The fund manager of China’s Yu’e Bao reported stellar growth of first-half earnings despite the government’s tighter oversight of the country’s ballooning money market fund industry.
Tianhong Asset Management Co., which manages the $215-billion money market fund built on spare change from online spending, had a net profit of 1.10 billion yuan ($165 million) for the first six months of 2017, according to Jun Zheng Group that owns 15.6% of Tianhong.
It was an increase of 87% from 584.8 million yuan a year ago, Jun Zheng said in the regulatory filings to the Shanghai Stock Exchange.
Revenue during the period rose 49% to 4.01 billion yuan from 2.70 billion a year earlier, Jun Zheng added.
Yu’e Bao represents nearly 95% of assets managed by Tianhong Asset, which is majority-owned by Ant Financial Services Group. The fund in April overtook JPMorgan Chase & Co.’s U.S. government money market fund of $150 billion as the world’s largest money market fund.
The Chinese government has issued tighter rules and repeatedly called for restraint of the runaway growth of the money market fund industry, which is now the world’s second-largest after the U.S. However, the industry continues expanding as investors are hungry for yields, while some are shifting back from tightly regulated, much-riskier wealth management products.

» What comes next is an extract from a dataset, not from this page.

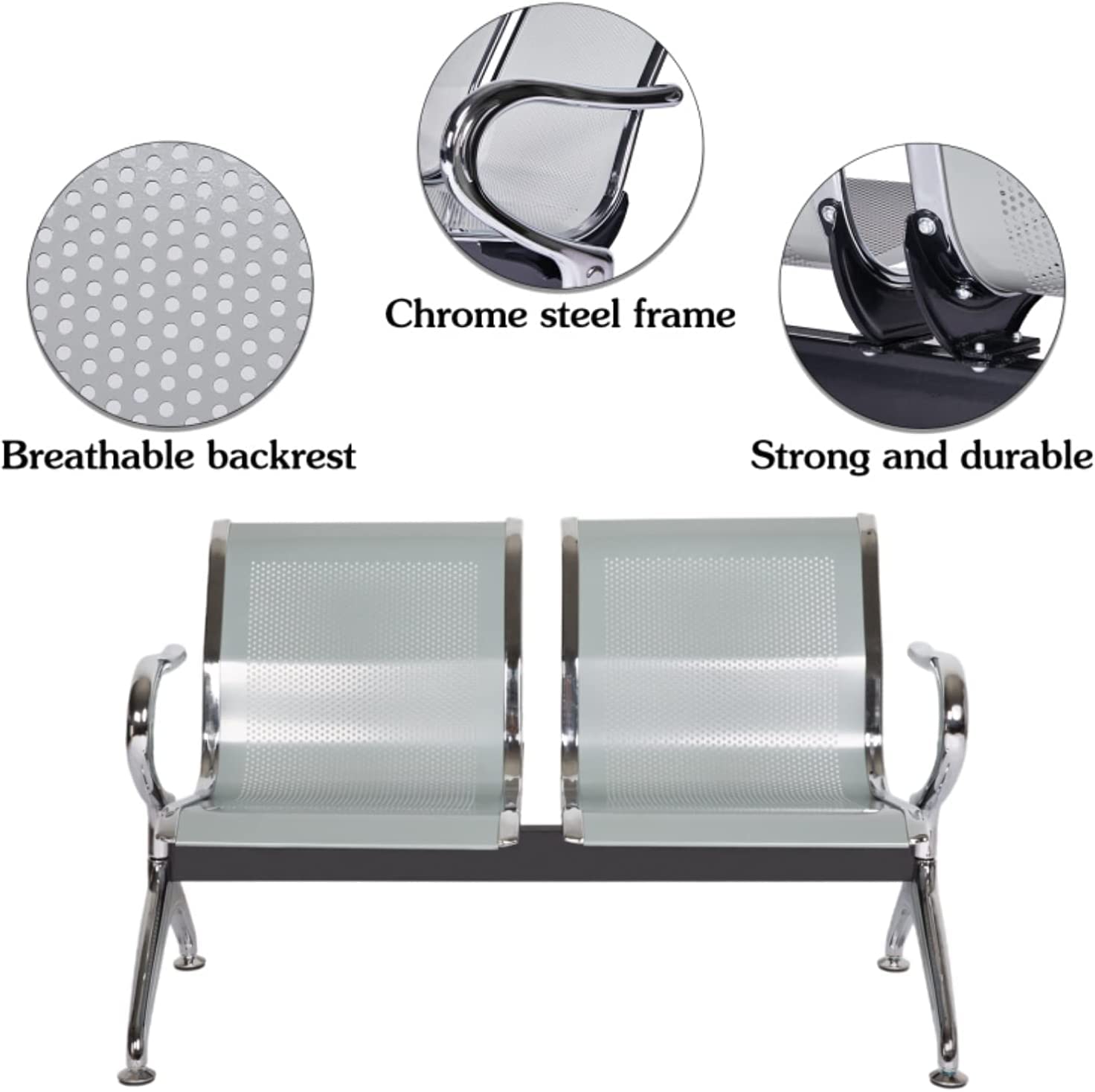 - 【Stable & Durable】Constructed with Stainless Steel(1.5mm thickness perforated cold-rolled steel, powder coated, 1.2 mm thickness cold-rolled steel, chromed), the waiting chair offers a comfortable seating experience. Prevent to rust and prolong service life. Maximum weight capacity for each chair is 330 lbs

In fact, inflows to China’s money market funds in July reached 751.6 billion yuan, according to data from the Asset Management Association of China. It was a big increase, given that net inflows during the first six months totaled 821.6 billion yuan, the association said.
Founded in 2013, Yu’e Bao, which in Mandarin means “leftover treasure,” has ballooned in size as millions of users migrate to its affiliated online-payment application, Alipay. Most Alipay users transfer payments and refunds from online transactions into Yu’e Bao to earn interests as high as 3.9% — much better than returns from bank deposits and many other investments.
Yu’e Bao has been reining in its expansion by reducing the maximum individual contribution of new investors by 90% in just three months to 100,000 yuan ($15,000). Market watchers believe the fund is under pressure from the regulator to slim down.
In March, the China Securities Regulatory Commission issued rules to curb risks of open-end securities products like Yu’e Bao. The regulator now requires all money market fund managers to set aside no less than 0.5% of its net assets as cash reserves to serve as a buffer against potential bad debts.
As the fund snowballs, the March rule means Yu’e Bao must take out about 7.15 billion yuan as its cash buffer. However, the management fees roughly stand at 0.03% of the fund’s worth, or 4.29 billion yuan, leaving a shortfall of nearly 3 trillion yuan, which motivates Yu’e Bao to take in less cash.
Over 82% of the funds in Yu’e Bao are in the form of bank deposits and reserves, with the rest in short-term investments, policy bank bonds, company bonds and interbank deposits, according to the second-quarter report by Tianhong on the fund’s operation.